LOL, well I suppose MAYBE is an improvement. But what does that mean?

The MAYBE result means that it couldn't find any counterexamples.

But if there are no counterexamples, it must always be true, surely?

It only means it couldn't find any counterexamples. Maybe they exist, but it couldn't find one quickly.

Oh. I was hoping we could prove things. That's an important part of using formal specification, right?

Yes, if you want very high confidence in your specification, you need to prove its obligations. But that is a non-trivial process in general. The QuickCheck tool is trying to quickly catch the "stupid cases" where you have missed a check or a precondition and so on. That helps improve specifications, but a QuickCheck MAYBE is not the same as a proof. It's necessary, but not sufficient.

So qc can't really prove anything?

It is really designed to disprove POs. But there are also some cases where it can indicate POs should be provable. For example when POs follow very simple patterns which are known always to be true, or if you have finite types, where it can check every possible value, or if the PO starts with exists rather than forall, then one witness value is proof of existence.

But this still only means that it should be provable, not that it is actually proved?

Yes. We have to be careful with what we claim about proof. QuickCheck is not a prover/solver and there are lots of subtle aspects to fully formal proof that the tool cannot analyse. But if we claim an obligation is PROVABLE it means we have good reason to believe that a proof should be easy to find, and the tool may explain how it came to that conclusion. This is very useful, but it is not a formal proof.
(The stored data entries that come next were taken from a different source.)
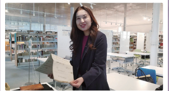
貴重な資料である 安土桃山時代に書かれた源氏物語の 写本を見せていただきました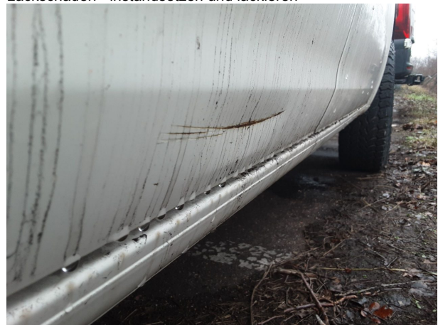
Beschädigung #5: Karosserie: Karosserie - Delle / Lackschaden - instandsetzen und lackieren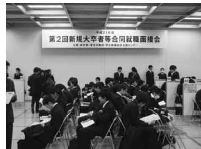
昨年度実施の様子

E-mail:roppongi@gakusei.go.jpまで送信してください。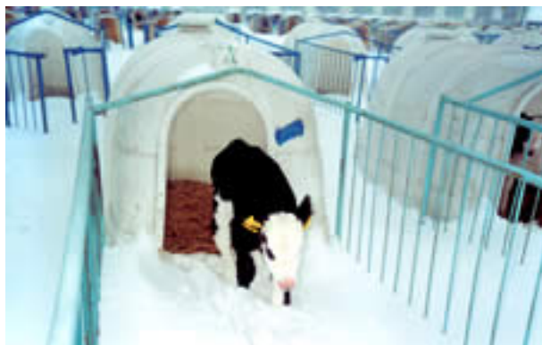
Телета в клетки на снега

Когато се прави сградата трябва да се има предвид, че наистина кравата обича ПРОХЛАДАТА. Температурата, която кравата понася без напрежение е от -20^{\circ}\text{C} до +20^{\circ}\text{C} . При повишаване на температурата над 18^{\circ}\text{C} до 28^{\circ}\text{C} намаляването на млечността може да достигне до 35%, докато при намаляването под -10^{\circ}\text{C} до -20^{\circ}\text{C} намаляването е до 5-7%.

So for example, if I wrap the s(i) result in a check, like if i in set inds s then s(i) else 0, you get the following:

> pog
Generated 1 proof obligation:

Proof Obligation 1: (Unproved)
f: sequence apply obligation in 'DEFAULT' (test.vdm) at line 3:40
(forall s:seq of (nat), i:nat1 &
  ((i in set (inds s)) =>
    i in set inds s))

> qc
PO #1, PROVABLE by trivial (i in set (inds s)) in 0.001s
> 

You can see the PO says, "if the index works, the index works". Well duh, of course that's true, so the PO is "trivially provable", and it shows you the expression that it knew had to be true.

So why didn't that work with that same clause in the precondition?

That's because the precondition uses pre_f(s, i) as the test in the PO. So qc can't quickly tell that it matches the simple pattern. A more powerful proof engine would be able to do that though.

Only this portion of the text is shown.